[[ EXERCISE MATERIALS, beginning ]]

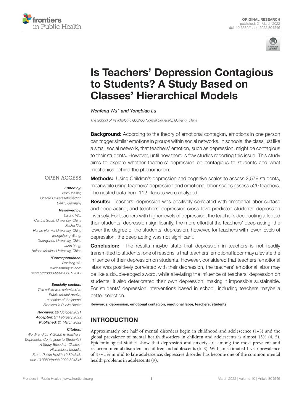 3.吴文峰教授作为第一作者,卢永彪副教授作为第二作者,2022年3月在SSCIJCR一区期刊《Frontiers inPublicHealth》发表了题为“Is Teachers' Depression Contagious to Students? A Study Based on Classes' Hierarchical Models”的学术论文。论文主要探讨班级环境中教师抑郁是否会传染给员工这一重要问题。研究发现,教师抑郁并不会直接传染给员工,相反,班级中教师抑郁症状程度越高,员工的抑郁症状程度反而越低。研究还发现,教师情绪劳动具有跨班级层的调节作用,即高抑郁症状教师情绪劳动付出越多,其班级员工抑郁症状程度越低。由于研究发现教师情绪劳动付出与其抑郁症状程度显著正相关,因此,在公司管理中,应在看到教师情绪劳动有利于员工的同时,关注其可能对教师本身的负面影响,并通过一定的干预措施强化对教师情绪劳动付出的补偿。
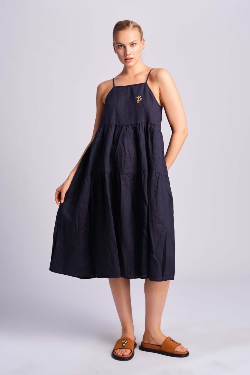 2 adet cepli, önde figür nakışlı askılı elbise.%100 LinenÜrün özel bir boya tekniğiyle boyanmıştır, akar boya kullanılmıştır, yıkadıkça renginin açılması bu ürünün özelliğidir.Bu ürünü 30 derecede, benzer renklerle, tersten yıkayınız ve gölgede kurutunuz. Baskı veya nakış olan bölgeye ütü temas ettirmeyiniz, bu bölge tersten ütülenebilir.
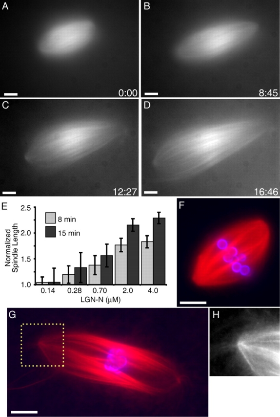 Figure 3. NuMA inhibition with LGN-N increases the length of spindle microtubules, in the presence or absence of centrosomes. (A–D) Tubulin distribution in an LGN-N–treated spindle (0.7 μM, added ∼3 min before image at t = 0) during live recordings (Video 5). (E) LGN-N was added to assembled spindles, samples were fixed after 8 or 15 min, spindle lengths were measured (mean ± SD, n = 15, two independent experiments), and normalized to the length of untreated spindles (40 μm). (F–H) Spindles assembled in the absence of centrosomes, around DNA beads (tubulin, red; DNA, blue). (F) Buffer control. (G) LGN-N–treated (2 μM, 8 min). (H) Higher magnified image of the region indicated in G. Times are in min:s. Bars, 10 μm.
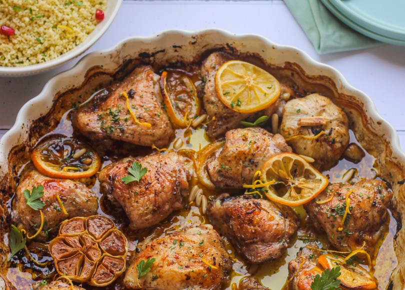 This baked chicken can take center stage on your Eid dinner table. I love pairing it with pearl or regular couscous. Don’t forget to keep some extra couscous or bread to soak in the extra flavourful oil left in the baking tray. Enjoy!
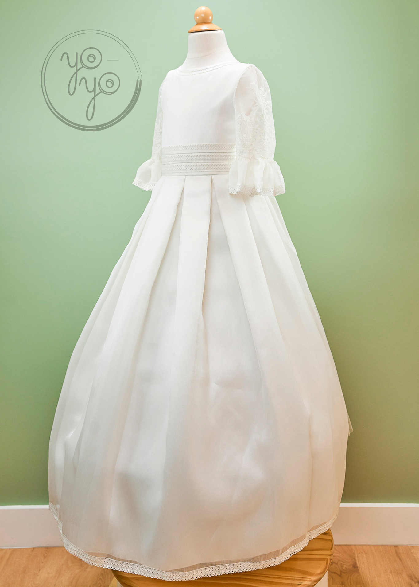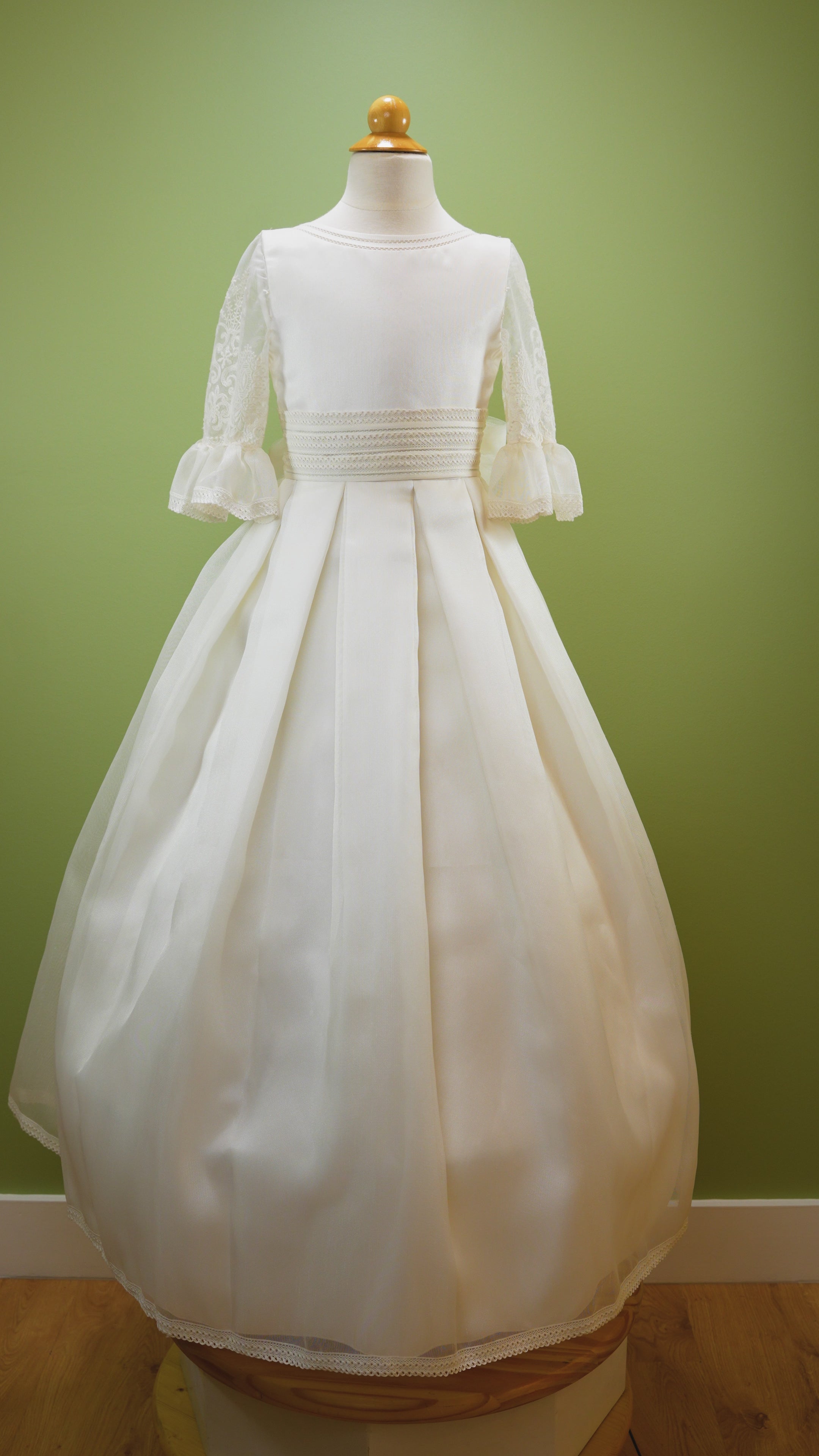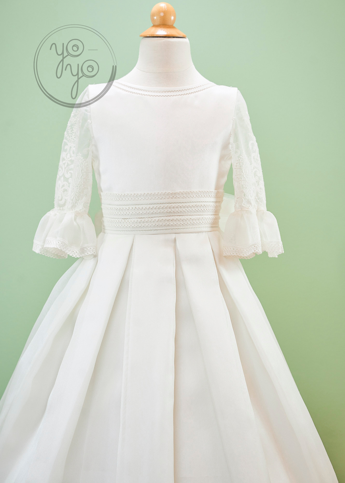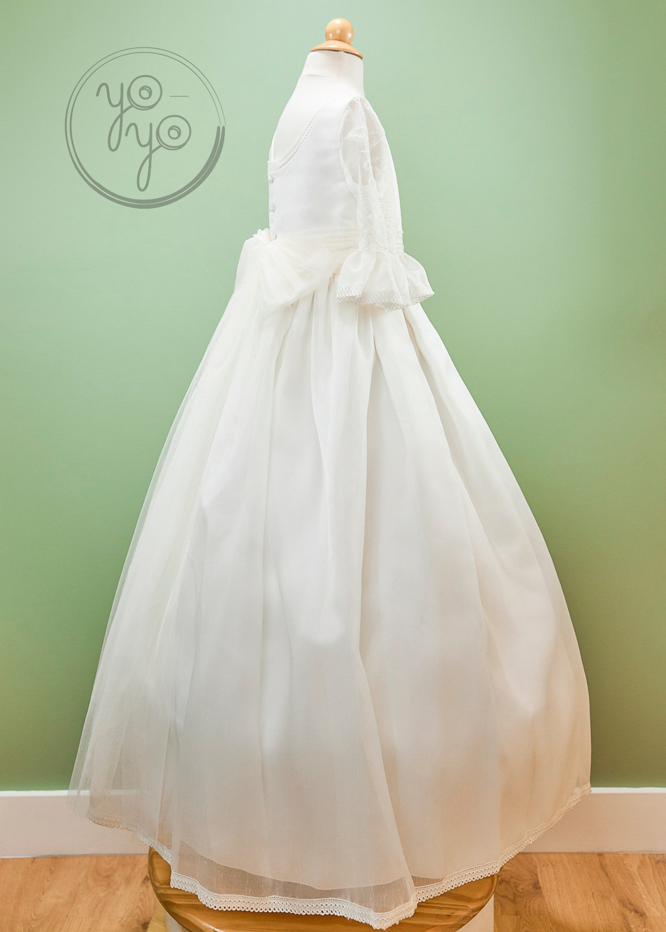 The Magnolia First Communion Dress blends rustic charm with timeless elegance. Crafted in soft off-white rustic gauze, this gown is lightweight, breathable, and perfect for warm-weather celebrations.
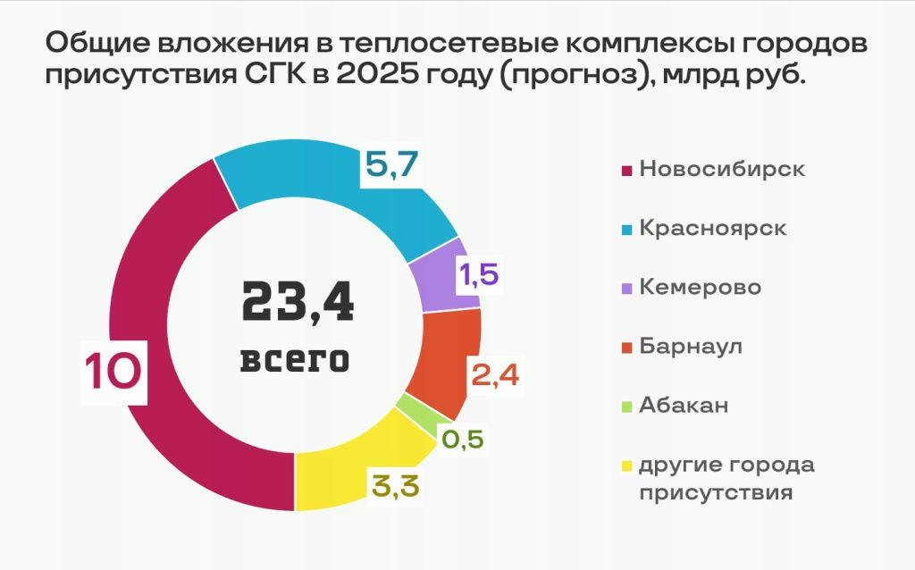 Объем вложений в обновление теплосетей 17 городов Сибири в 2025 году составит около 24 млрд рублей — с приростом к прошлому году 38%, сообщил директор по тепловым сетям СГК Антон Баев.
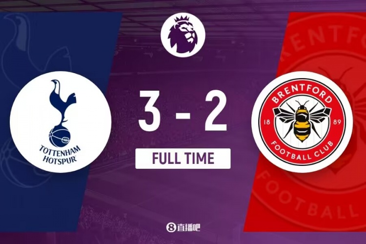 最终,热刺3-2布伦特福德。
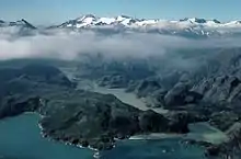 In contrast to the volcanic landscape of the refuge, the Pacific coast of the protected area is characterised by rugged cliffs, bays, fjords, and streams. In particular the Castle Cape Fjords in the Chignik area is an extremely pronounced feature, with a strong erosion by the sea, with rocks shaded in contrasting dark and light tones.[2] Notable streams drain into Agripina Bay and Port Wrangell from the glaciers and through the valleys of the refuge.
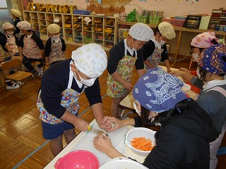 幼稚園で収穫した大根、蕪を使ってお雑煮を作りました。
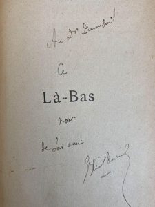 Là-bas. Stock Paris 1899. Mention de 19ème édition. Envoi autographe signé au Dr Dumesnil en page de faux titre et truffé d'un article de presse sur le satanisme dans l'église avec avis de Huysmans, monté sur onglets. Plein veau in-12, plat à triple encadrement or, contre plats à la roulette, dos à 5 nerfs orné de dorures, insolé, pièce de titre sur cuir marron, tête dorée, couvertures conservées.
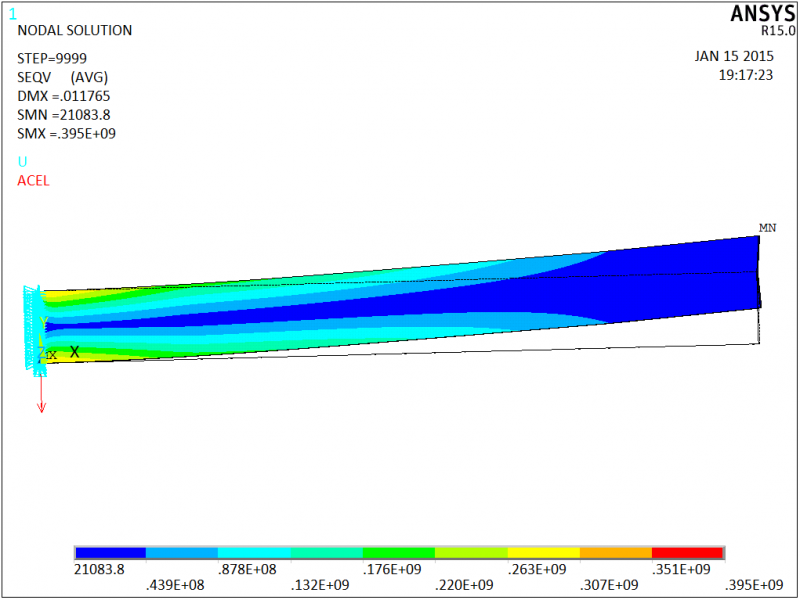 时域分析方案一:通过D,nodes,ACCY,%Xbl%,命令,将时域垂(Y)向加速度施加给左端悬臂处的节点,结果如图3;
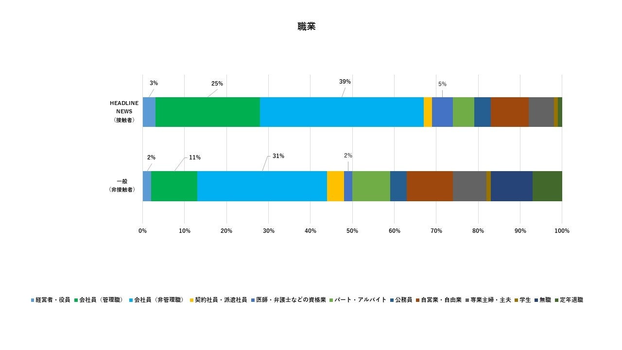 一般層と比較して、「HEADLINE NEWS」ユーザーにはビジネスパーソンが多く、企業の意思決定に携わる割合が高い
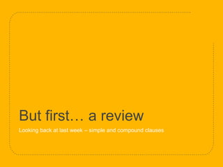 The document provides a comprehensive overview of sentence types in English, including simple, compound, complex, and compound-complex sentences. It explains the structure of clauses, both independent and dependent, and outlines common mistakes in sentence formation such as comma splices and fragments. Additionally, it discusses the use of subordinators and examples to illustrate the differences in sentence structures.

[[ EXERCISE MATERIALS, end ]]

### THE TASK:
One exact copy of the data, no pictures: write it out line for line.

### SOLVED EXERCISE:
 3.吴文峰教授作为第一作者,卢永彪副教授作为第二作者,2022年3月在SSCIJCR一区期刊《Frontiers inPublicHealth》发表了题为“Is Teachers' Depression Contagious to Students? A Study Based on Classes' Hierarchical Models”的学术论文。论文主要探讨班级环境中教师抑郁是否会传染给员工这一重要问题。研究发现,教师抑郁并不会直接传染给员工,相反,班级中教师抑郁症状程度越高,员工的抑郁症状程度反而越低。研究还发现,教师情绪劳动具有跨班级层的调节作用,即高抑郁症状教师情绪劳动付出越多,其班级员工抑郁症状程度越低。由于研究发现教师情绪劳动付出与其抑郁症状程度显著正相关,因此,在公司管理中,应在看到教师情绪劳动有利于员工的同时,关注其可能对教师本身的负面影响,并通过一定的干预措施强化对教师情绪劳动付出的补偿。
 2 adet cepli, önde figür nakışlı askılı elbise.%100 LinenÜrün özel bir boya tekniğiyle boyanmıştır, akar boya kullanılmıştır, yıkadıkça renginin açılması bu ürünün özelliğidir.Bu ürünü 30 derecede, benzer renklerle, tersten yıkayınız ve gölgede kurutunuz. Baskı veya nakış olan bölgeye ütü temas ettirmeyiniz, bu bölge tersten ütülenebilir.
 Figure 3. NuMA inhibition with LGN-N increases the length of spindle microtubules, in the presence or absence of centrosomes. (A–D) Tubulin distribution in an LGN-N–treated spindle (0.7 μM, added ∼3 min before image at t = 0) during live recordings (Video 5). (E) LGN-N was added to assembled spindles, samples were fixed after 8 or 15 min, spindle lengths were measured (mean ± SD, n = 15, two independent experiments), and normalized to the length of untreated spindles (40 μm). (F–H) Spindles assembled in the absence of centrosomes, around DNA beads (tubulin, red; DNA, blue). (F) Buffer control. (G) LGN-N–treated (2 μM, 8 min). (H) Higher magnified image of the region indicated in G. Times are in min:s. Bars, 10 μm.
 This baked chicken can take center stage on your Eid dinner table. I love pairing it with pearl or regular couscous. Don’t forget to keep some extra couscous or bread to soak in the extra flavourful oil left in the baking tray. Enjoy!
 The Magnolia First Communion Dress blends rustic charm with timeless elegance. Crafted in soft off-white rustic gauze, this gown is lightweight, breathable, and perfect for warm-weather celebrations.
 Объем вложений в обновление теплосетей 17 городов Сибири в 2025 году составит около 24 млрд рублей — с приростом к прошлому году 38%, сообщил директор по тепловым сетям СГК Антон Баев.
 最终,热刺3-2布伦特福德。
 In contrast to the volcanic landscape of the refuge, the Pacific coast of the protected area is characterised by rugged cliffs, bays, fjords, and streams. In particular the Castle Cape Fjords in the Chignik area is an extremely pronounced feature, with a strong erosion by the sea, with rocks shaded in contrasting dark and light tones.[2] Notable streams drain into Agripina Bay and Port Wrangell from the glaciers and through the valleys of the refuge.
 幼稚園で収穫した大根、蕪を使ってお雑煮を作りました。
 Là-bas. Stock Paris 1899. Mention de 19ème édition. Envoi autographe signé au Dr Dumesnil en page de faux titre et truffé d'un article de presse sur le satanisme dans l'église avec avis de Huysmans, monté sur onglets. Plein veau in-12, plat à triple encadrement or, contre plats à la roulette, dos à 5 nerfs orné de dorures, insolé, pièce de titre sur cuir marron, tête dorée, couvertures conservées.
 时域分析方案一:通过D,nodes,ACCY,%Xbl%,命令,将时域垂(Y)向加速度施加给左端悬臂处的节点,结果如图3;
 一般層と比較して、「HEADLINE NEWS」ユーザーにはビジネスパーソンが多く、企業の意思決定に携わる割合が高い
 The document provides a comprehensive overview of sentence types in English, including simple, compound, complex, and compound-complex sentences. It explains the structure of clauses, both independent and dependent, and outlines common mistakes in sentence formation such as comma splices and fragments. Additionally, it discusses the use of subordinators and examples to illustrate the differences in sentence structures.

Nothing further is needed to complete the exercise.